Chrome 141 Stable Released: Fixes High-Severity WebGPU and Video Heap Overflow Flaws
Google has released the stable version of Chrome 141.0.7390.54/55 for Windows, macOS, and Linux. The update will roll out over the coming days and weeks, addressing 21 security vulnerabilities of varying severity — including high, medium, and low-risk flaws. Developers strongly urge users to update their browsers as soon as possible to minimize the risk of exploitation.
The two most critical issues are heap overflows in the WebGPU and Video components, both rated as high severity on the CVSS scale. In addition, the release resolves multiple medium-risk vulnerabilities, ranging from information leaks via side channels and out-of-bounds memory access to flawed implementations in specific modules. Fixes have been applied to Storage, Media, Omnibox, Tab, and the V8 engine. Several less critical bugs were also closed, including use-after-free errors and incorrect logic within Storage and V8.

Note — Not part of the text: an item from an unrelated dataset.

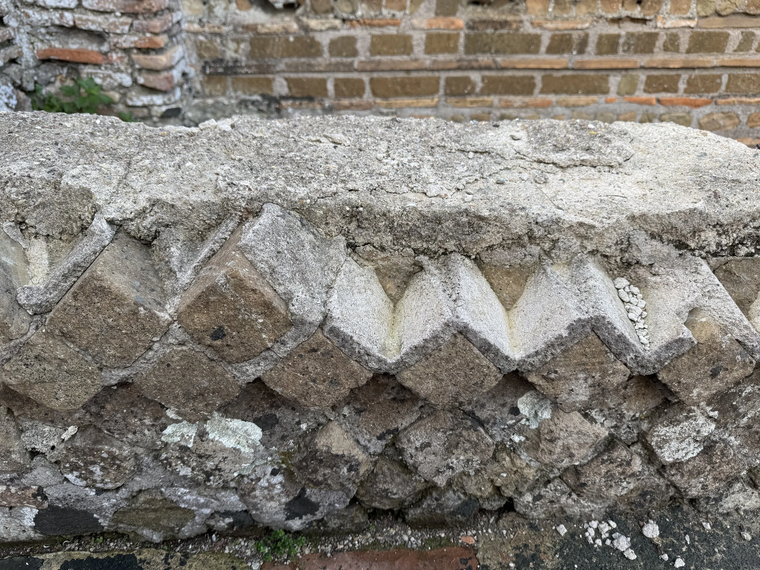 > Opus Mixum ( 1st - 4th century AD) combination of brick and reticulatum set into a concrete core. Examples from

Many of these flaws were discovered by external security researchers employing advanced techniques such as fuzzing, AddressSanitizer, MemorySanitizer, UndefinedBehaviorSanitizer, Control Flow Integrity, libFuzzer, and AFL. Google rewarded their findings through its vulnerability bounty program: the highest payout of $25,000 was granted for the WebGPU heap overflow (CVE-2025-11205), while an additional $4,000 went to the researcher who uncovered a similar flaw in Video (CVE-2025-11206).
For the side-channel data leak in Storage (CVE-2025-11207), a researcher was awarded $5,000. Fixes in Media (CVE-2025-11208, CVE-2025-11211, CVE-2025-11212), Omnibox (CVE-2025-11209, CVE-2025-11213), and Tab (CVE-2025-11210) were also accompanied by payouts ranging from $1,000 to $3,000. Within the V8 engine, both an off-by-one error (CVE-2025-11215) and a use-after-free flaw (CVE-2025-11219) were patched, though some did not result in monetary rewards.

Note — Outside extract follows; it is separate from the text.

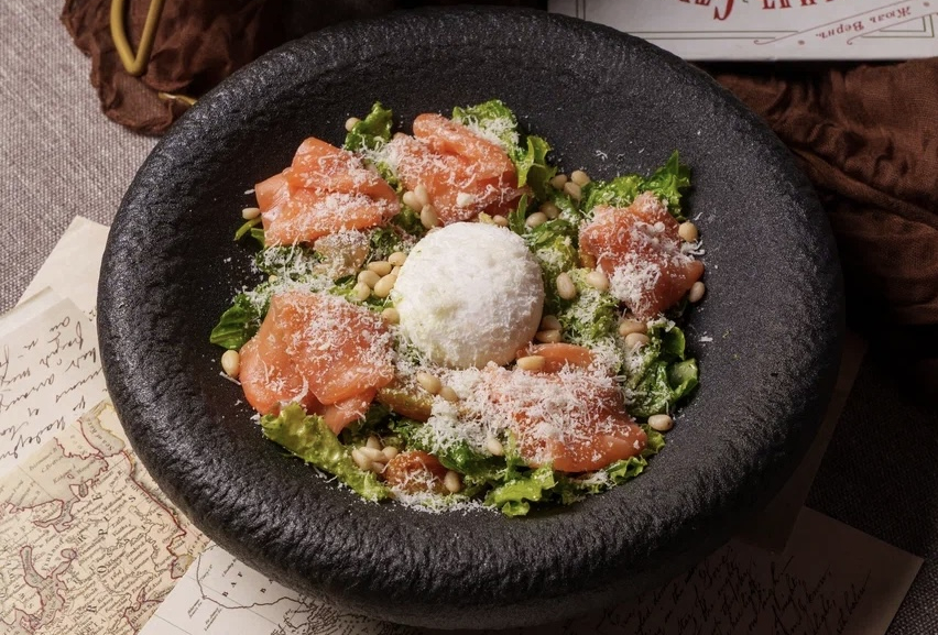 Красная рыба, черри, микс салата , кедровый орех, пармезан , соус песто

Beyond external contributions, the Chrome security team itself resolved a number of issues uncovered during internal audits and automated testing. These corrections further harden the browser against exploits targeting memory corruption or covert data exfiltration.
To install the update, users need only open the menu in the top-right corner of Chrome, navigate to Help → About Google Chrome, and allow the browser to automatically download version 141. Once restarted, the patch will be active. Official Chrome and Chromium blogs will soon publish detailed notes highlighting new features and improvements in this release.
Keeping Chrome updated to the latest version remains a critical defense against modern threats, and users are strongly advised not to postpone installation.